- **The data**:
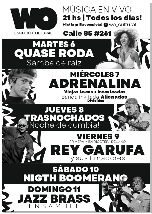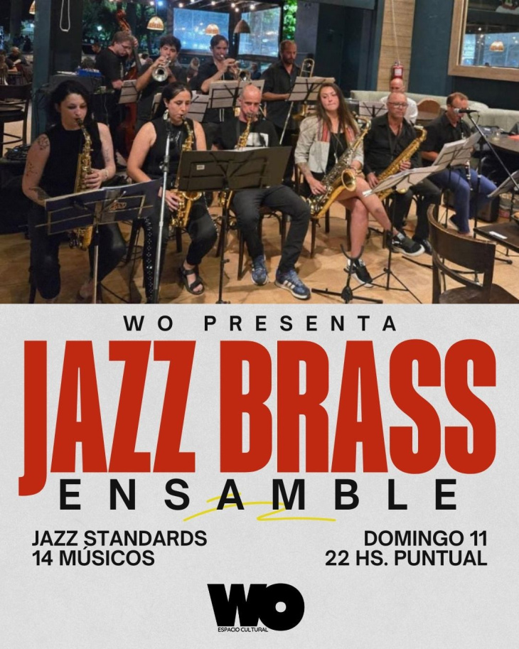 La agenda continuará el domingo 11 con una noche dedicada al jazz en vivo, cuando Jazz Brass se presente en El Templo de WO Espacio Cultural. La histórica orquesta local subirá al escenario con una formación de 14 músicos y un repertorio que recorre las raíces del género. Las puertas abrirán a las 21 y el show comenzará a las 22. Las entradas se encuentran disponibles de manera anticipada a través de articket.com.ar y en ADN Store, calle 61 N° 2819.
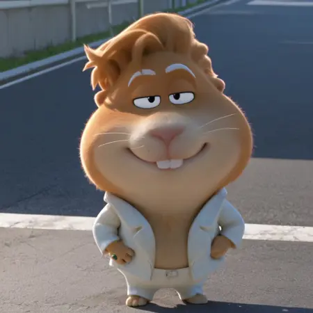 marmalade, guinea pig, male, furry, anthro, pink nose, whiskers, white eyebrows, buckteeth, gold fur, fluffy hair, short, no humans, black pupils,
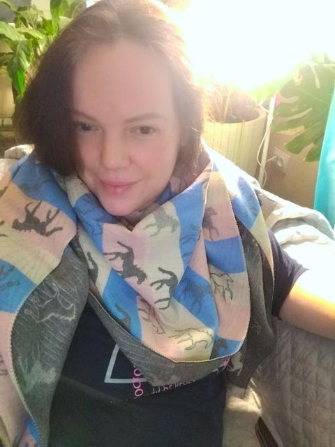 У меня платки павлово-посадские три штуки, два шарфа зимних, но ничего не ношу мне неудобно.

- **What needs to be done**:
Without any pictures, restate word for word only the lines from the one with "marmalade, guinea pig, male, furry, anthro, pink" through the end of the listing.

- **Output of the exercise**:
 marmalade, guinea pig, male, furry, anthro, pink nose, whiskers, white eyebrows, buckteeth, gold fur, fluffy hair, short, no humans, black pupils,
 У меня платки павлово-посадские три штуки, два шарфа зимних, но ничего не ношу мне неудобно.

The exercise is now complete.